Wednesday, 5 September 2018

Why You Can’t Name the Virtues

Our culture has abandoned a wealth of teaching on character formation. Let’s revive these lost arts.

For the past several decades, American evangelicalism has been concerned about morality—and for good reason. Sexual promiscuity, pornography, abortion, divorce, materialism, racism, and countless other ills so permeate our culture—even among the churched—that they seem to be the rule rather than the exception.

But moral choices flow from moral character. Perhaps if we wish to reform morality, we should turn more attention to the formation of character.

Of course, everyone agrees that good character is a desirable thing. But “good character” today has been largely boiled down to being honest, hard-working, and sexually abstinent until marriage. Our culture, including the church, has abandoned a wealth of teaching about character formation that contributes not only to the flourishing of individuals but to the whole of society as well. It’s time to recover that ancient wisdom.

Sometimes Christians emphasize a rule-based or outcomes-based ethic, and although rules and outcomes can certainly be helpful in making ethical decisions, good character is a more essential and durable predictor of true virtue.

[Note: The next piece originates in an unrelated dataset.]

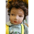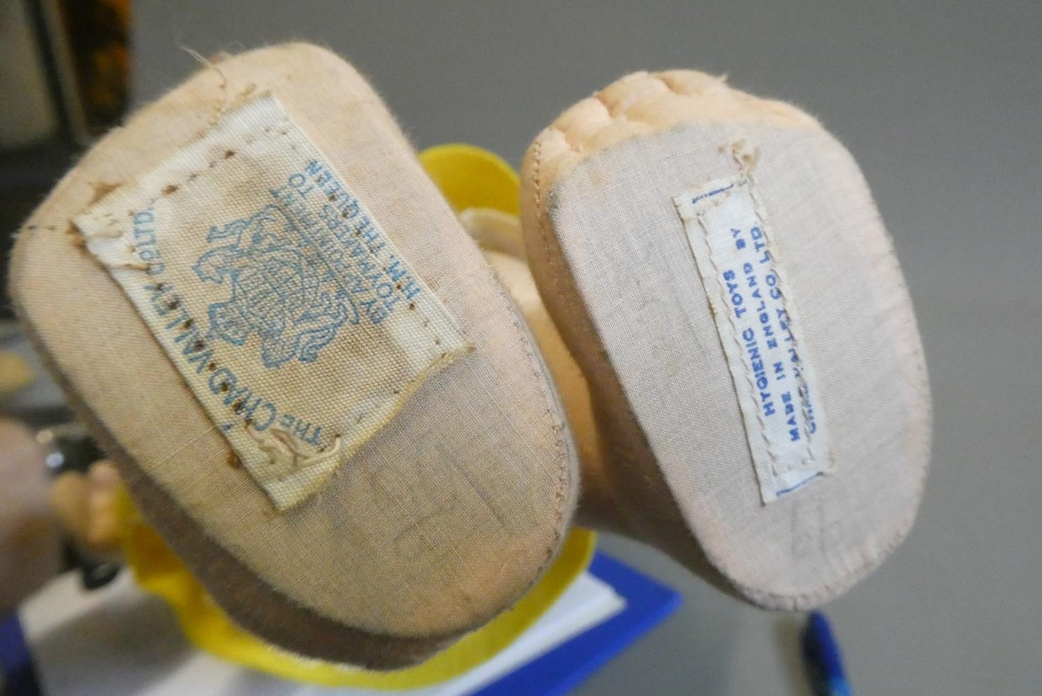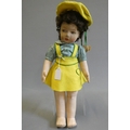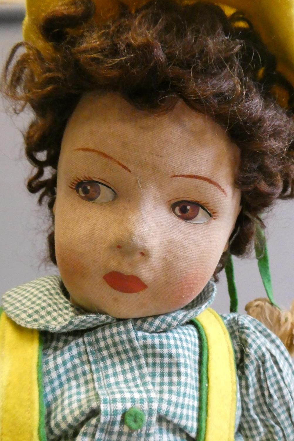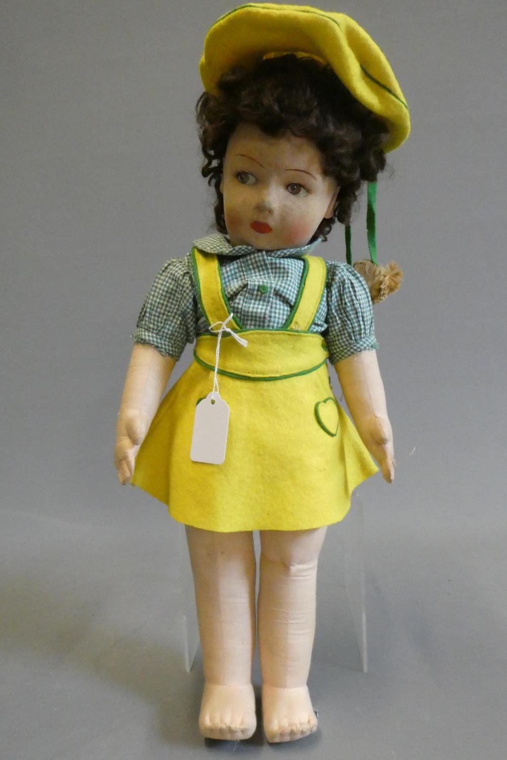 Chad Valley girl doll, of fabric construction, with sideways glancing painted eyes, shirt, felt dress, matching hat and label to foot, 18 1/2" tall

As I explain in my new book, On Reading Well: Finding the Good Life in Great Books, so-called “virtue ethics” began with the pagan Greek philosopher Aristotle, who studied the human qualities that help us to flourish. Aristotle could see the uniqueness in human beings—what we as Christians recognize as God’s image within us. Aristotle called the qualities that make people excel “human virtues.” Among the virtues he identified are justice, magnanimity, courage, temperance, friendship, and honorableness. He believed that these and other character qualities are the ...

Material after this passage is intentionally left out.